Вот румяная баба в платке, перевязанном крест-накрест.
Вот усатый красавец кавказского типа.
Цыганка с крашеными губами.
Старичок в железных очках и аккуратной мерлушковой шапочке.
Унылого вида субъект с докторской бородкой.
И снова - Кондитер в меховой своей кацавейке поверх красной рубахи, с бледным, плоским, точно непропеченный блин, лицом.
- Тут вся наша работка и есть! - И он улыбнулся Девочке, обнажив неровные желтые зубы.
Девочка ухватилась за прилавок. Мотнула головой.
- Что? - удивился Кондитер. - Ну, милая моя, другой работы не предвидится.
- Нет, - сказала она и пошла к двери, думая только о том, чтобы не упасть, - голова у нее кружилась от голода. У самой двери она повернулась:
- Возьмите мои башмаки. Насовсем. Дайте хлеба.
Кондитер пожал плечами, усмехнулся, достал из-за пазухи ломтик кинул ей. Девочка сняла башмаки с бубенчиками, оставила их на пороге и вышла.
- Эй, пустобрехи! - крикнул Кондитер Графину с Кувшином. - Куда Девчонка пошла?
- Туда, хозяин, - сказал Кувшин.
- Именно так, вне всякого сомнения так, хозяин, - сказал Графин.
- Девчонка слишком много знает, - проворчал Кондитер, - пошлю-ка я следом Мохнатое...

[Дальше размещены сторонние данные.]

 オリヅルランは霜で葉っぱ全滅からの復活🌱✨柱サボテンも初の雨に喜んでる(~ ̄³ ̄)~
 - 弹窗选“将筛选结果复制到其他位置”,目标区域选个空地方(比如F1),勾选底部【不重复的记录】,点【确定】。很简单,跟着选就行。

Развалины старой пригородной больницы. Отсюда - шесть трамвайных остановок до края города.
Здесь - линия фронта.
От больницы остались одни стены, грязно-желтые, покрытые копотью. Три раза уже больница переходила из рук в руки. Сегодня ее снова отбили у врага и поклялись больше не отступать.
В глубоком подвале светло. В большой медной гильзе ярко горит масло.

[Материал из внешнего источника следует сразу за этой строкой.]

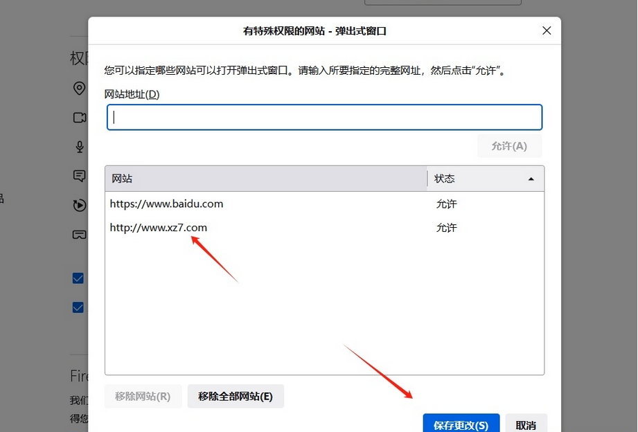 5.来到有特殊权限的网站窗口中,用户在网站地址方框中输入网址并按下允许按钮

Временами сквозняк относит пламя вбок, его язычок становится из вертикального горизонтальным. Кажется, он вот-вот оторвется и улетит в черную глубину подвала, вдоль его бесчисленных переходов, где всего несколько часов тому назад звучали выстрелы, раздавались проклятия и стоны.

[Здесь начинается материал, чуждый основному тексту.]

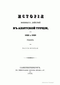 Исторiя военныхъ дѣйствiй в Азiятской Турцiи в 1828 и 1829 годахъ. Часть вторая

Стены подвала сверкают наледью. Можно представить себе, как однажды здесь лопнули трубы и вода застывала тут же на стенах, образуя эту прихотливую сверкающую поверхность.
Под сводами подвала стоит рояль. Рояль старинный, редкий. Кто втащил его сюда, под эти своды - враги ли, наши ли, - неизвестно. Скорей всего наши, уходя, надеялись сохранить дорогой инструмент. Крыло рояля поднято, на полированной поверхности зияют дыры, расщепы, отблески пламени отражаются в ней.
Кавалер играет тихо, но сводчатые потолки усиливают звук, а ледяная поверхность стен искажает тембр, делает его неузнаваемым, словно это не рояль звучит, а какой-то другой, неизвестный доселе инструмент.
В подвале - бойцы, голодные, измотанные непрерывными боями; у стен раненые, в дальнем углу - тела убитых. Их надеются завтра перевезти в тыл, а на худой конец похоронить тут же, во дворе больницы.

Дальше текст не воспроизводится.